MLB

Scott Boras blasts MLB draft cap: ‘Non-competitive cancer’

Scott Boras has self-interest, yes, but he also has a fair point.

As the MLB lockout continues with dwindling hope for Opening Day to happen in late March as scheduled, the super-agent spoke to The Athletic about a wide range of topics, striking at the root of what he called baseball’s “non-competitive cancer.”

“I don’t think a lot of people really understood what the draft means to these major league teams,” Boras said. “In 2011 when they allowed (MLB) to put a cap on the draft, I heard general managers say things two weeks before (about) what they were going to do, and then completely alter their program once they got the rules and understood what was available to them.

“And that was, sell off your free agents, it’s a race to the bottom so I can get all these valued draft picks and get as many as I can. And it gave the fan base a method of illustrating that losing was OK; it was actually beneficial. And I think when you introduce that cancer, that non-competitive cancer, into the sport … the local fan does not go to the ballpark with the intent of having his team win every day. And I think we have to reintroduce that into our game.”

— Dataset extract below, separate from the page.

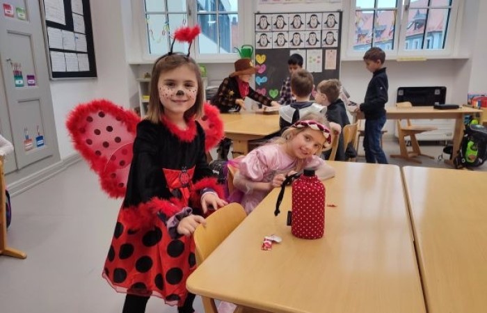 Viele Kinder kamen verkleidet in die Schule. Neben Spiderman, Catboy, Ninja, Cowboy, Sheriff, Prinzessin, Marienkäfer, Einhorn und Co. gab es auch einige Lehrkräfte, die sich von den lustigen Stimmung haben anstecken lassen.

Scott Boras ripped the 'non-competitive cancer' afflicting MLB.
Scott Boras ripped the ‘non-competitive cancer’ afflicting MLB. Getty Images

What Boras meant by the draft cap is that the MLB collective bargaining agreement assigned a contract value by slot of every pick in the first 10 rounds. What this has wound up yielding in practice is sophisticated front offices realizing that draft picks had fixed costs. You compile enough of those assets by losing enough games, and trading MLB-ready players for ever more prospects, and you might indeed contend for a championship in the long run — but it comes at the cost of several years of competitiveness, at least.

Boras’ clients include Gerrit Cole, Max Scherzer, Jose Altuve, Corey Seager, Alex Bregman, Zack Britton, Kris Bryant, Bryce Harper, Carlos Correa, Blake Snell and Anthony Rendon.

You could see Boras’ influence in an interview that Scherzer, who is a prominent voice in the MLBPA, gave to the Los Angeles Times bemoaning teams that are tanking.

“This negotiation is about the integrity of the game from our eyes,” Scherzer said in January. “We feel as players that too many teams have gone into a season without any intent to win during the past [collective bargaining agreement].

“Even though that can be a strategy to win in future years, we’ve seen both small-market and large-market clubs embrace tanking, and that cannot be the optimal strategy for the owners.”

Boras, of course, would prefer a world where he can hold teams over a barrel for the rights to his potential-superstar draft prospects, threatening the organizations not to select those players if they can’t meet required salary thresholds. With standard compensation slotting, that leverage goes out the window.

This still image from video shows Mets pitcher Max Scherzer in his new team cap during a news conference, Wednesday, Dec. 1, 2021.
Max Scherzer signed with the Mets this offseason. AP

But, that doesn’t mean he’s wrong that the strategies of a bunch of MLB front offices, fluent in spreadsheets perhaps learned at Ivy League Institutions, have rendered a dozen or more teams deploying anti-competitive measures in the short run at any given time.